### DATA SECTION

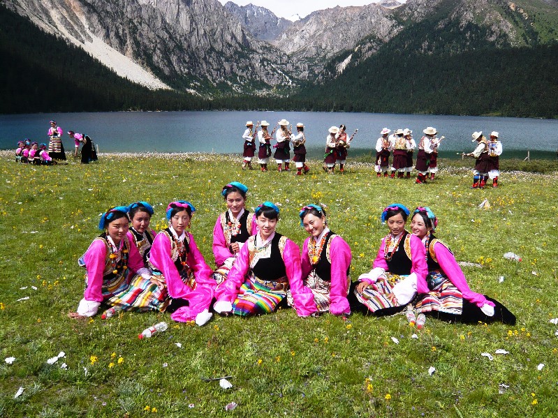 这里的措普沟,是川西最大的高山湖泊, 在这圣湖的境地里, 神鱼听得见人声, 温泉随歌声喷涌, 这里是金沙江畔的民间歌舞之乡, 阳光明媚的草地上, 湖边, 一群美丽的姑娘走过来, 跳起热烈柔美的巴塘弦子, 小伙子们拉着弦胡在前面引路, 目不转睛地盯着姑娘们的舞步, 一圈又一圈, 一曲又一曲, 一直跳到月亮升起, 在这里, 人们没有仙境的清规戒律, 只有人间的真挚爱情, 在这纯净的天地里, 他们的生活充满了活力和激情, 听听他们的歌声, 就知道这活力和激情已经融入了美丽的歌舞之中:
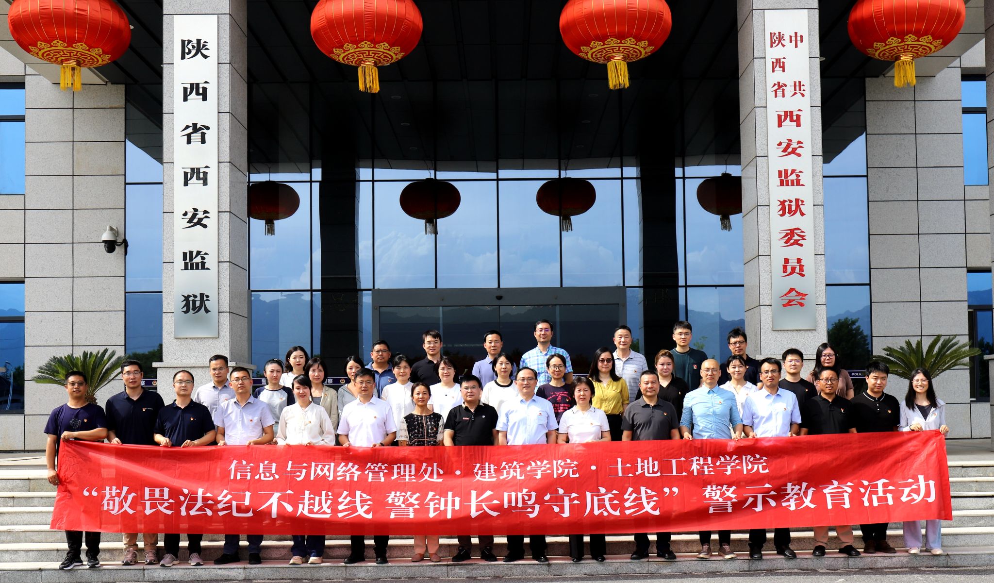 為扎實推進黨紀學習教育,進一步強化廣大黨員干部的黨性修養和法紀意識,使黨員干部受警醒、明底線、知敬畏,6月12日下午,信息與網絡管理處、建筑學院、土地工程學院組織處科級領導干部、系室主任、黨支部書記、教職工代表赴陜西省西安監獄開展“敬畏法紀不越線 警鐘長鳴守底線”警示教育活動。
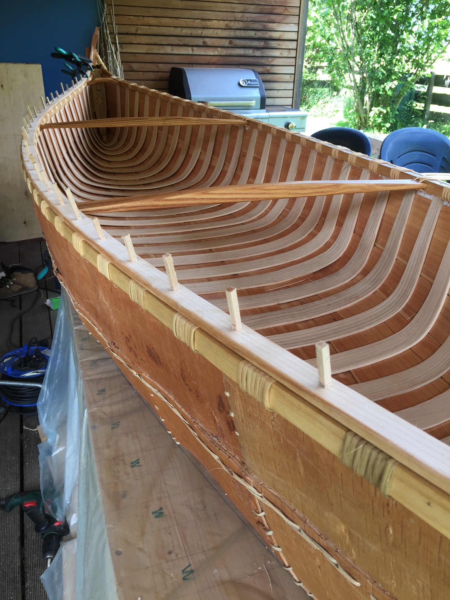 Ein paar Erleichterungen habe ich schon genommen. Dickenhobel, Bandschleifer, Stichságe, Bohrmaschine. Weißes Zedernholz gibts bei uns nicht. So habe ich Eschenholz genommen. Die Birkenrinde wird original mit Fichtenwurzeln vernäht. Habe ich dann auch zu ernten begonnen, aber gleich wieder abgebrochen. Der entstandene Flurschaden war zu groß. Zum Vernähen und für die Wicklungen habe ich Rattanstreifen flach und halbrund 5mm genommen. Innen habe ich alles mit 3mm Lärchenfurnier ausgelegt (das Sheating wird normalerweise auch mit Zedernholz gemacht). Zum Abdichten wird original Baumharz gekocht mit Holzkohle und Tierfett vermischt. Ich habe einen schwarzen Konstruktionskleber verwendet (klebt und dichtet, machen die Indianer mittlerer Weile auch). Ich habe das Boot sehr stabil gebaut. So könnten 3 Personen transportiert werden. Das Boot hat 27kg. Ohne Sheating und Rippen hat es 13kg gewogen. Als Soloboot gebaut, würde 1mm Fichtenfurnier und zartere und wenigere Rippen reichen (dann auch Fichte, weil leichter). Denke 20kg sind dann zu schaffen.

### ACTIVITY
Where a picture appears, skip it and copy the rest of the data word for word.

### YOUR SOLUTION
 这里的措普沟,是川西最大的高山湖泊, 在这圣湖的境地里, 神鱼听得见人声, 温泉随歌声喷涌, 这里是金沙江畔的民间歌舞之乡, 阳光明媚的草地上, 湖边, 一群美丽的姑娘走过来, 跳起热烈柔美的巴塘弦子, 小伙子们拉着弦胡在前面引路, 目不转睛地盯着姑娘们的舞步, 一圈又一圈, 一曲又一曲, 一直跳到月亮升起, 在这里, 人们没有仙境的清规戒律, 只有人间的真挚爱情, 在这纯净的天地里, 他们的生活充满了活力和激情, 听听他们的歌声, 就知道这活力和激情已经融入了美丽的歌舞之中:
 為扎實推進黨紀學習教育,進一步強化廣大黨員干部的黨性修養和法紀意識,使黨員干部受警醒、明底線、知敬畏,6月12日下午,信息與網絡管理處、建筑學院、土地工程學院組織處科級領導干部、系室主任、黨支部書記、教職工代表赴陜西省西安監獄開展“敬畏法紀不越線 警鐘長鳴守底線”警示教育活動。
 Ein paar Erleichterungen habe ich schon genommen. Dickenhobel, Bandschleifer, Stichságe, Bohrmaschine. Weißes Zedernholz gibts bei uns nicht. So habe ich Eschenholz genommen. Die Birkenrinde wird original mit Fichtenwurzeln vernäht. Habe ich dann auch zu ernten begonnen, aber gleich wieder abgebrochen. Der entstandene Flurschaden war zu groß. Zum Vernähen und für die Wicklungen habe ich Rattanstreifen flach und halbrund 5mm genommen. Innen habe ich alles mit 3mm Lärchenfurnier ausgelegt (das Sheating wird normalerweise auch mit Zedernholz gemacht). Zum Abdichten wird original Baumharz gekocht mit Holzkohle und Tierfett vermischt. Ich habe einen schwarzen Konstruktionskleber verwendet (klebt und dichtet, machen die Indianer mittlerer Weile auch). Ich habe das Boot sehr stabil gebaut. So könnten 3 Personen transportiert werden. Das Boot hat 27kg. Ohne Sheating und Rippen hat es 13kg gewogen. Als Soloboot gebaut, würde 1mm Fichtenfurnier und zartere und wenigere Rippen reichen (dann auch Fichte, weil leichter). Denke 20kg sind dann zu schaffen.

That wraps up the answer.